I was with David Blunkett when he attended his first NUT conference seven years ago. He had just made the outrageous suggestion that failing schools should be turned around or closed (a policy that later rescued more than 750 failing schools). We knew things could be tough at the NUT, but never realised exactly how.
In the event, a group of chanting Trotskyists and TV crews gathered at the entrance of the Blackpool Winter Gardens. When they saw the shadow Education Secretary, they chased us into a small office (later called a "cupboard") where an appalled McAvoy apologised and took about 20 minutes to clear the mob.
It became a defining moment for Labour's education policy, confirming everybody's prejudices about the NUT while allowing Blunkett to explain his plans for higher school standards more widely than ever. No wonder Gillian Shephard, then the Education Secretary, sought (but failed to get) similar treatment the following year.
McAvoy rightly argues that the militants started to lose their influence after 1995. But their visual and vocal presence still confirms every parent's prejudice, and also does more than any other single event to put potential teachers off joining the profession (something the NUT unconvincingly claims to want).
In part the problem is that the conference is held over the Easter weekend, when news is usually thin (this year the Middle East conflict and the death of the Queen Mother make it an exception). The moderate mainstream is also poorly represented, preferring family holidays to debating the 35-hour week.

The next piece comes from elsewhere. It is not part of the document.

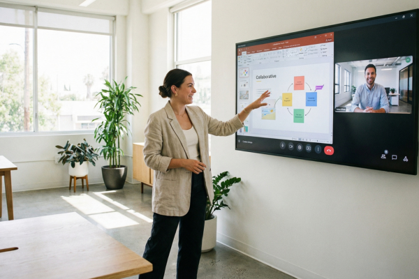 A resposta está nos ambientes corporativos e educacionais conectados. Salas de reunião equipadas com sistemas de colaboração, displays profissionais e plataformas integradas que tornam a experiência igualmente boa para quem está presencialmente e para quem está remoto.

Teachers do have a point on workload: up to 10 hours a week could be cut with more support staff and fewer after-hours meetings. And more needs to be done on London living costs. But their case would be more effective without the outmoded trappings of Labour Party conferences of the Seventies – after all, Morris is battling for that cash too. Most teachers want to see a single union. If it puts an end to this Easter ritual, who can blame them?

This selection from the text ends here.